A possible workaround is to actually filter among all graphs of size 5:

sage: L = [G for G in graphs(5) if max(G.degree()) >= 2]
sage: len(L)
31

Of course, it is not speed-efficient in general since you have to look at all graphs. In your case it is not a problem since almost all graphs have your property.

Another workaround is to notice that the condition max(H.degree()) >= 2 for H=G is equivalent to the condition min(H.degree()) <= 2 for H=G.complement(), and this latter condition is hereditary:

sage: M = [G.complement() for G in graphs(5, lambda G: min(G.degree()) <= 2)]
sage: len(M)
31

Of course, you will not see much speed difference in this case, but it can matter for classes of graphs with smaller density among all graphs:

sage: %timeit L = [G for G in graphs(7) if max(G.degree()) >= 5]
1 loops, best of 3: 11.7 s per loop
sage: %timeit M = [G.complement() for G in graphs(7, lambda G: min(G.degree()) <= 1)]
1 loops, best of 3: 5.84 s per loop

I think you need to give that function the property keyword... but also look at the documentation.

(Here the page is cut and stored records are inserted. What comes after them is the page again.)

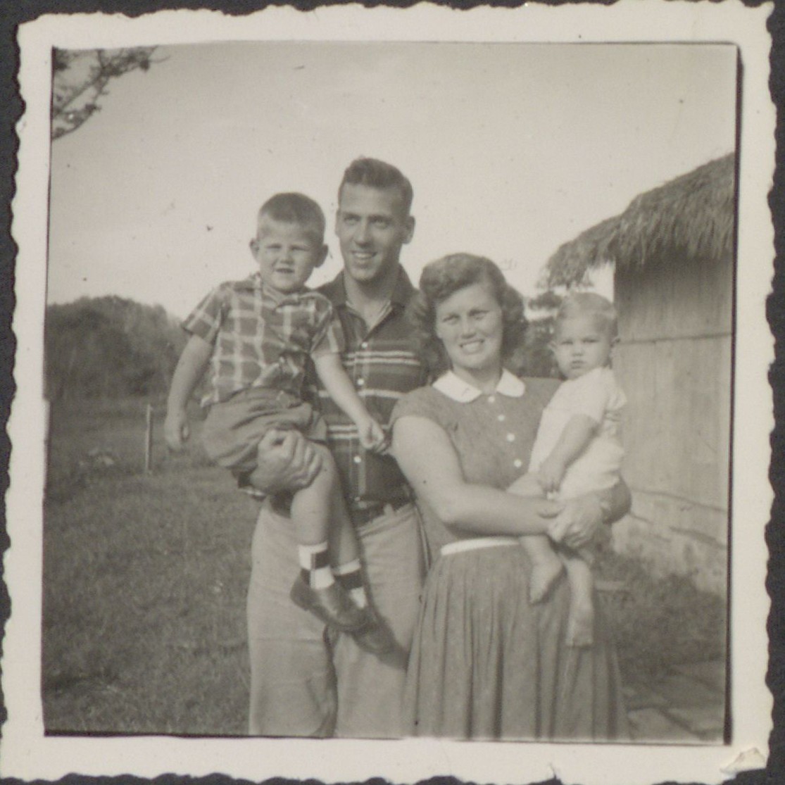 - Black and white photograph of Ed and Marilou McCully with their two oldest children, Steve and Mike McCully, c. 1955.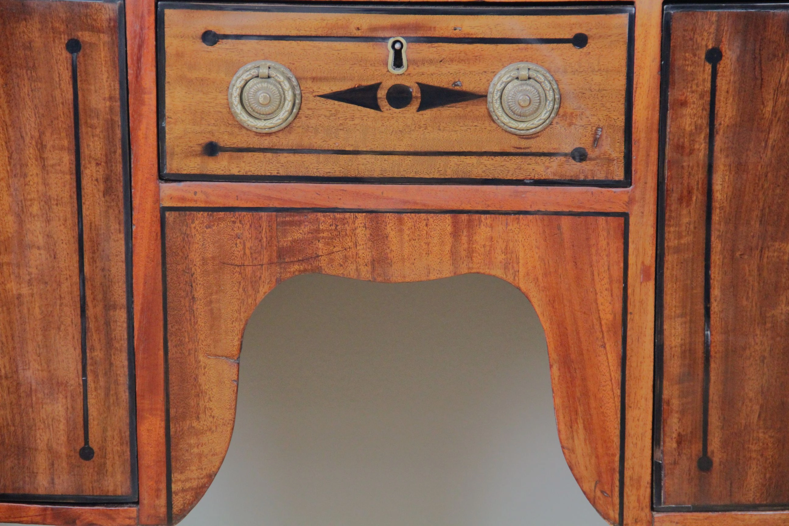 Klein formaat sideboard in mahonie met ebbenhouten inlegwerk. Handgepolitoerd.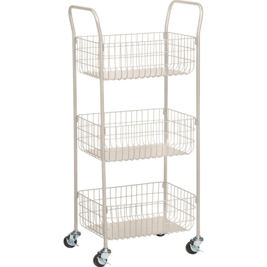 De Dequan keukentrolley in een zandkleur is de perfecte aanvulling voor jouw keuken. Met afmetingen van 34x20x74,8 cm (lxbxh) past deze compacte trolley gemakkelijk in kleine ruimtes. Gemaakt van duurzaam ijzer, biedt deze keukentrolley stabiliteit en een lange levensduur. De trolley is uitgerust met 4 wieltjes voor eenvoudige verplaatsing en beschikt over 3 verschillende rekken voor optimale opbergruimte. Met twee handvaten is de trolley gemakkelijk te verplaatsen, ideaal voor dagelijks gebruik in de keuken.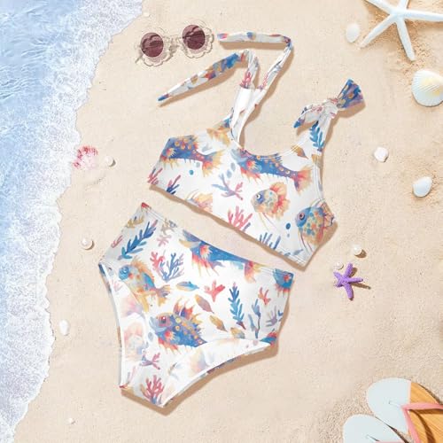 HOT ! KLL Puffer Hawaiian Fish and Seaweed Girls' Two Pieces Bikini Set Scoop Neck Swimsuits Swimwear Adjustable Strap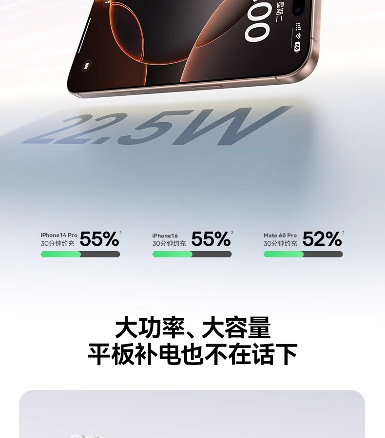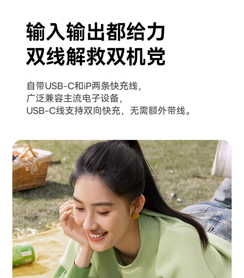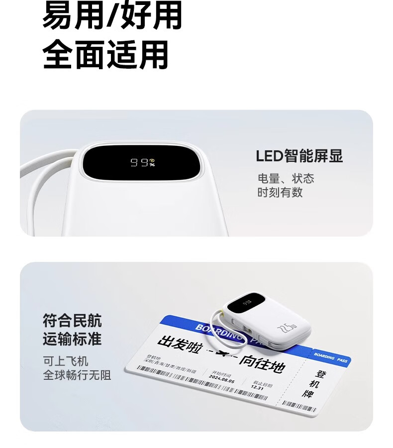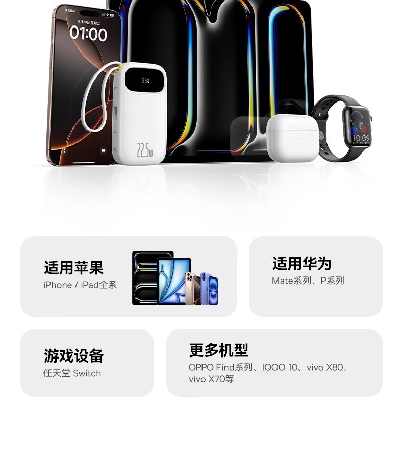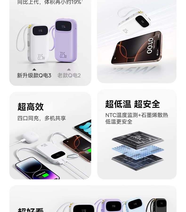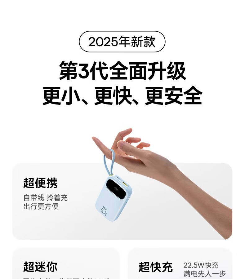 型号:PPQD3 -1022D 电芯类型:锂离子电池 颜色编码:P10081200212-02 皓月白 P10081200312-02星海蓝 P10081200512-02星云紫 P10081200122-01星际黑 包装尺寸:13*8.5*3.1cm 产品尺寸:10.1*5.5*2.5cm 产品净重:216g 输入方式:Type-c输入 电池容量:10000mAh 额定能量:36.5Wh 额定容量:5500mAh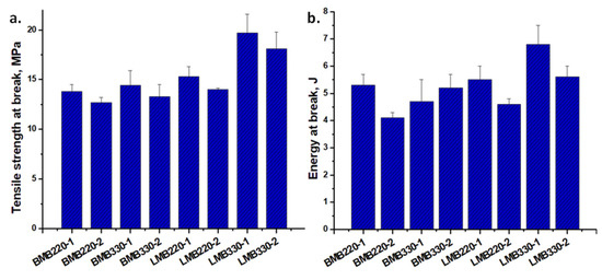 The same rule was noticed for the energy at break, higher values being obtained for the lower temperature profile in the case of the masterbatches processed in the Leistritz and no clear variation for those processed in the Brabender. The highest tensile strength and energy at break values were obtained for the LMB330-1 masterbatch, processed with a higher screw speed and a lower temperature profile, which also showed the best storage modulus and the best thermal stability.

- ``property`` -- (default: ``lambda x: True``) any property to be
      tested on graphs before generation, but note that in general the
      graphs produced are not the same as those produced by using the
      property function to filter a list of graphs produced by using
      the ``lambda x: True`` default. The generation process assumes
      the property has certain characteristics set by the ``augment``
      argument, and only in the case of inherited properties such that
      all subgraphs of the relevant kind (for ``augment='edges'`` or
      ``augment='vertices'``) of a graph with the property also
      possess the property will there be no missing graphs.  (The
      ``property`` argument is ignored if ``degree_sequence`` is
      specified.)

That's a large caveat as to what sort of functions can be put in there, so perhaps this is also part of the problem.